The limits of a natural ally

None of this means the honey buzzard will single-handedly stop the Asian hornet. The researchers are careful about that. The predatory effect of the honey buzzard affects the reproductive performance of Asian hornet colonies, decreasing the density of workers over distance and time, but the effect is local, operating within roughly a kilometer of the raptor’s nest. Scale matters. According to researcher Eric Darrouzet of the University of Tours, “the hornet’s playground is now too large in Europe” and the prospects for complete eradication are virtually nil.

The honey buzzard itself is under pressure. Illegal hunting and persecution along migration routes in parts of southern Europe, the Mediterranean, and the Middle East remain a major source of anthropogenic mortality, while loss of mature woodland reduces nesting opportunities. The bird is a long-distance migrant, spending only the summer months in Europe for breeding before heading to tropical Africa for winter. That means its window of predatory impact is seasonal, while the hornets stay active year-round.

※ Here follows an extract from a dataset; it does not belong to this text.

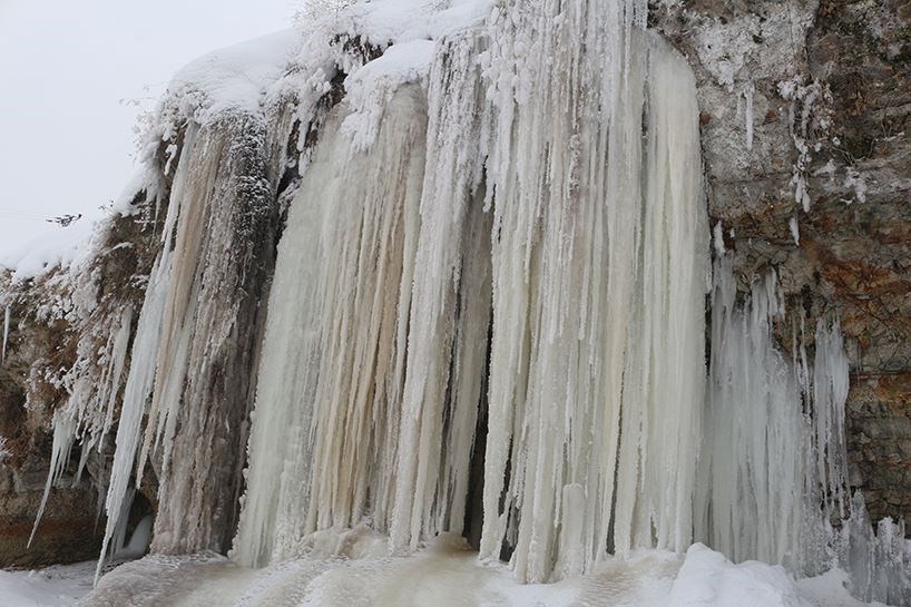 Köy girişinde kayalık bölgede oluşan yaklaşık 5 metre uzunluğunda ve 3 metre genişliğindeki buz sarkıtları dikkati çekti.

Still, the strategic implication is real. Protecting honey buzzard populations, preserving mature forest patches, and rethinking blanket policies against eucalyptus clearance in areas where this raptor breeds could, area by area, reduce hornet pressure on pollinator populations. Studies show that honey buzzards mainly consumed vespids (82% of their prey), with common wasps and Asian hornets being almost the only two vespid species consumed, the invasive hornet was the second most consumed prey. This bird is already eating the enemy. The question is whether we manage the landscape in ways that let it keep doing so — or clear the forests that make it possible.